- **DATA SEGMENT**:
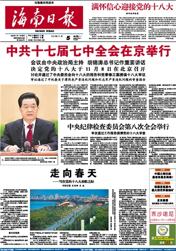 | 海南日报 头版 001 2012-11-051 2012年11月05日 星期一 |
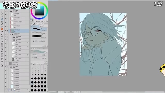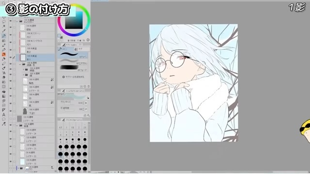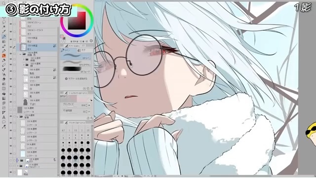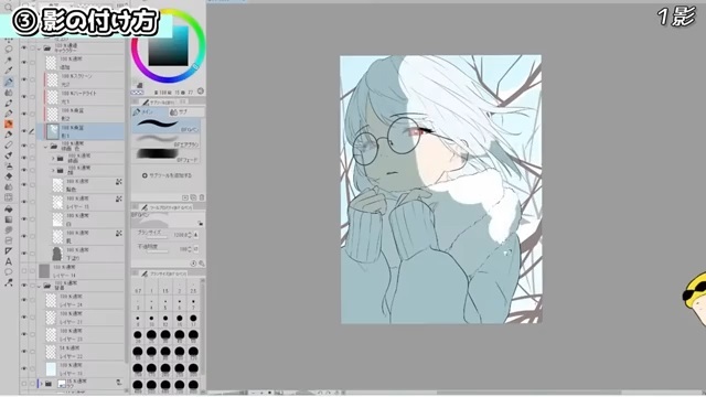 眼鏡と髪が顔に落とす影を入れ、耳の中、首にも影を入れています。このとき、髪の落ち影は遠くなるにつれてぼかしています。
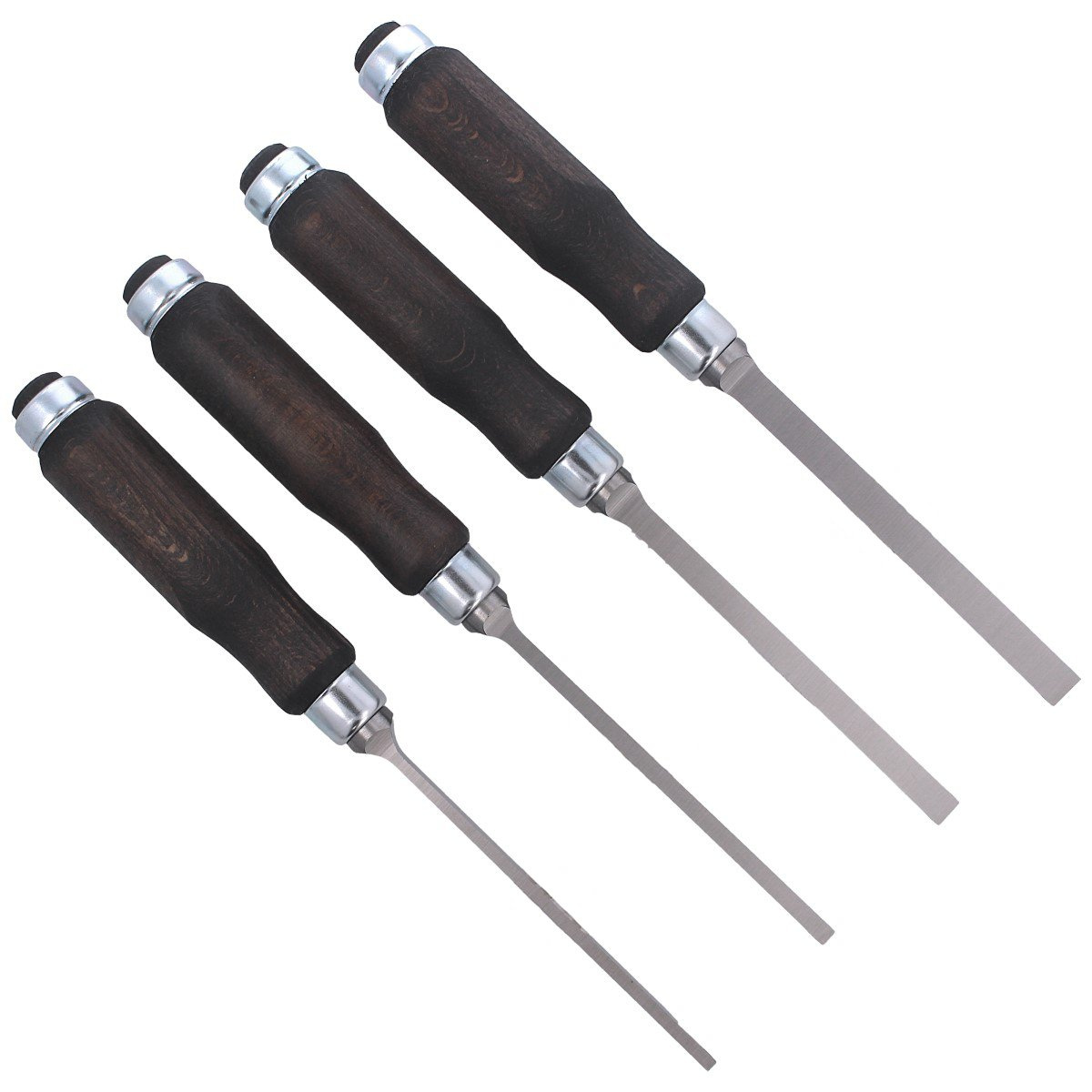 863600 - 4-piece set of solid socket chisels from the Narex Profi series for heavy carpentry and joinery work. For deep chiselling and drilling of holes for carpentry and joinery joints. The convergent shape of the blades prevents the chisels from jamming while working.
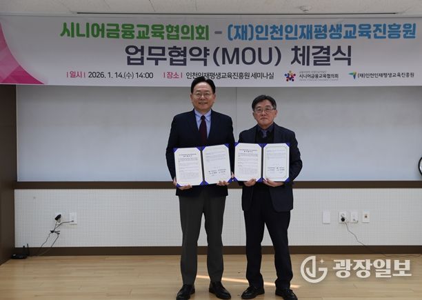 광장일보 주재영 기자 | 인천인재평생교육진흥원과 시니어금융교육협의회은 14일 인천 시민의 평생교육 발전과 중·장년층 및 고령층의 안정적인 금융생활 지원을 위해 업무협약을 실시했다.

- **EXERCISE INSTRUCTIONS**: Everything in the listing should be copied exactly, apart from the images it holds.

- **COMPLETED EXERCISE**:
 | 海南日报 头版 001 2012-11-051 2012年11月05日 星期一 |
 眼鏡と髪が顔に落とす影を入れ、耳の中、首にも影を入れています。このとき、髪の落ち影は遠くなるにつれてぼかしています。
 863600 - 4-piece set of solid socket chisels from the Narex Profi series for heavy carpentry and joinery work. For deep chiselling and drilling of holes for carpentry and joinery joints. The convergent shape of the blades prevents the chisels from jamming while working.
 광장일보 주재영 기자 | 인천인재평생교육진흥원과 시니어금융교육협의회은 14일 인천 시민의 평생교육 발전과 중·장년층 및 고령층의 안정적인 금융생활 지원을 위해 업무협약을 실시했다.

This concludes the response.